Information provided:
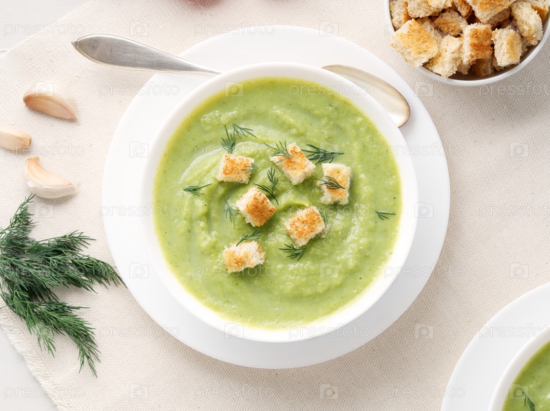 Большая белая миска с овощным зеленым крем-супом из брокколи, цуккини, зеленого горошка на белом
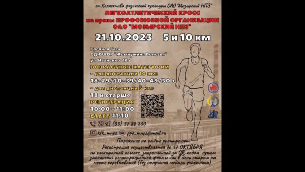 В субботу 21 октября гребная база СДЮШОР «Жемчужина Полесья» уже в третий раз примет легкоатлетический забег на призы первичной профсоюзной организации ОАО «Мозырский нефтеперерабатывающий завод» Белхимпрофсоюза
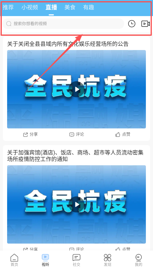 2、想看视频或直播内容,你可以切换到“视听”或“社交”板块,那里有“电视新闻、电视栏目、直播”等选项。
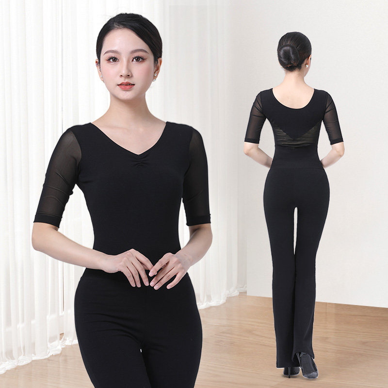 形体服女2025新款 上衣裤 子套装 黑色 高端舞蹈导师艺考模特走秀中袖

What the exercise asks: Retype the listing above exactly. Pictures are not part of the copy.

Solved exercise:
 Большая белая миска с овощным зеленым крем-супом из брокколи, цуккини, зеленого горошка на белом
 В субботу 21 октября гребная база СДЮШОР «Жемчужина Полесья» уже в третий раз примет легкоатлетический забег на призы первичной профсоюзной организации ОАО «Мозырский нефтеперерабатывающий завод» Белхимпрофсоюза
 2、想看视频或直播内容,你可以切换到“视听”或“社交”板块,那里有“电视新闻、电视栏目、直播”等选项。
 形体服女2025新款 上衣裤 子套装 黑色 高端舞蹈导师艺考模特走秀中袖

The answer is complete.